Drohungen und Überwachungen
Weiters berichtete H. auch über Drohungen gegen ihn und „hochprofessionelle“ Überwachungsmaßnahmen, die er nach der Veröffentlichung des Videos wahrgenommen habe. Den Brief vor der Veröffentlichung des Videos an die Präsidentschaftskanzlei bestätigte H., dies sei aufgrund des Misstrauens gegenüber Innenministerium und BVT die „einzig relevante Stelle“ gewesen, an die er sich hatte wenden können. Diese „Schutzschrift“ sei seine Idee gewesen, aufgesetzt habe das Schreiben Anwalt M..

Privatdetektiv Julian H. kommt mit seinem Anwalt Alfred Noll (vorne) im Ibiza-U-Ausschuss an. (Bild: APA/ROLAND SCHLAGER)
Privatdetektiv Julian H. kommt mit seinem Anwalt Alfred Noll (vorne) im Ibiza-U-Ausschuss an.
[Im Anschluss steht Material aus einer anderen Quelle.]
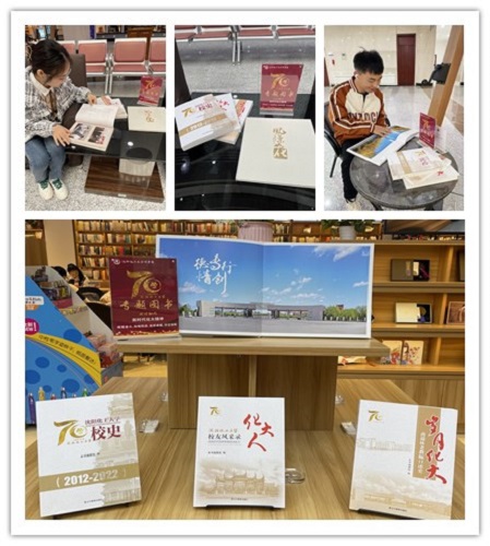 2022年,母校best365中国官方网站迎来建校70周年华诞,为铭记这一段有非凡意义的时光,图书馆充分发挥校园文化宣传阵地作用,配合校党委宣传部开展校庆主题宣传活动。图书馆相关工作人员在馆内精心选址,认真策划,在二楼大厅学生休息区、腾飞书店内等多点展出了校庆70周年专题图书,供来馆的师生享阅。专题图书充分地体现了艰苦奋斗、知难而进、追求卓越、守正创新的新时代化大精神,也展现了化大人对于化大难以割舍的情怀:即一天化大人,终生化大情。图书馆还利用大厅多媒体设备播放学校的校庆专题宣传片。使学生能直观的了解学校70年的发展与巨变。书展和音像视频活动一经推出,立刻吸引众多师生读者驻足翻阅和观看。许多同学阅读图书之后纷纷在图书馆校庆图书专区设置的留言簿上留言,“砥砺前行,同心筑梦”、“不忘母校教导,不负青春韶华”……句句简短的留言无不抒发着自己身为化大人的自豪感。通过校庆专题书展,使2022级的新同学们更快的了解学校70年的发展历程与取得的辉煌成就,深入了解自己的学校。

Aufregung um Rechtsbeistand Alfred Noll
Die in Untersuchungsausschüssen übliche Vertrauensperson von H. ist der bekannte Anwalt und ehemalige Liste-Pilz-Abgeordnete Alfred Noll. Dieser sorgte für Unmut bei den Abgeordneten im U-Ausschuss. Mehrmals wurde beklagt, dass Noll aktiv in die Befragung eingreife, indem er H. Zettel zuschob und sich an ihn wandte, was laut Geschäftsordnung nicht zulässig ist. Für eine Unterbrechung sorgte eine Beobachtung des ÖVP-Abgeordneten Christian Stocker: Nachdem FPÖ-Fraktionssprecher Christian Hafenecker gemeint hatte, man sei ja nicht dumm, soll Noll gemurmelt haben: „Naja ...“

Nationalbankdirektor soll Auskunft geben
Trotz des geringen Erkenntnisgewinnes schöpften die Abgeordneten die Befragung des Ibiza-Drahtziehers voll aus. Nach fünf Stunden war Schluss. Weiter ging es mit dem Direktor der Oesterreichischen Nationalbank (OeNB), Thomas Steiner. Er soll vor allem zur Reform der Finanzmarktaufsicht unter Türkis-Blau befragt werden.